This is a problem from an advanced mathematics exam book.
I'm a bit confused on how to do it because there's an $x$ outside the absolute sign.
I watched a couple of tutorials online and tried solving the problem. Here's what I did:
$3x-5<x+2$
$3x<x+7$
$2x<7$
$x<7/2$
Is my approach correct?
On
Note that $\lvert u \lvert\lt a \iff -a\lt u\lt a$ where $a\gt 0$. Hence $$ \begin{align} \lvert 3x-5\lvert\lt x+2&\iff -x-2\lt 3x-5 \lt x+2\\ &\iff -x+3\lt 3x\lt x+7.\\ \end{align}$$ Now solve the two separate inequalities $3x\lt x+7$ and $-x+3\lt 3x$ along with $x+2\gt0$ and take the intersection of their solution sets.

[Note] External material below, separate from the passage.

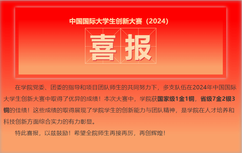 喜报!我院在中国国际大学生创新大赛(2024) 取得历史突破!

If you solve the inequalities you get $x\lt 7/2,\; x\gt3/4$ and $x\gt-2$ respectively. Together we see that the solution is $3/4\lt x\lt 7/2$.
You may not simply disregard the absolute value sign the way you did. Recall that for all $y$, $|y|=y$ if $y\geq 0$ and $|y|=-y$ if $y<0$. Therefore, you have to get rid of the absolute value sign by considering cases.
Case one: $x\geq \frac{5}{3}$. In this case, $3x-5\geq 0$, hence, the inequality becomes
$$ 3x-5<x+2\iff2x<7\iff x<\frac{7}{2}. $$
Hence, the inequality is satisfied if $\frac{5}{3}\leq x<\frac{7}{2}$.
Case two: $x<\frac{5}{3}$. In this case, $3x-5<0$, hence, the inequality becomes
$$ -(3x-5)<x+2\iff-3x+5<x+2\iff 3<4x\iff\frac{3}{4}<x. $$
Thus, the inequality is satisfied if $\frac{3}{4}<x<\frac{5}{3}$.
Combining these two results, you obtain that the inequality is satisfied for all $\frac{3}{4}<x<\frac{7}{2}$.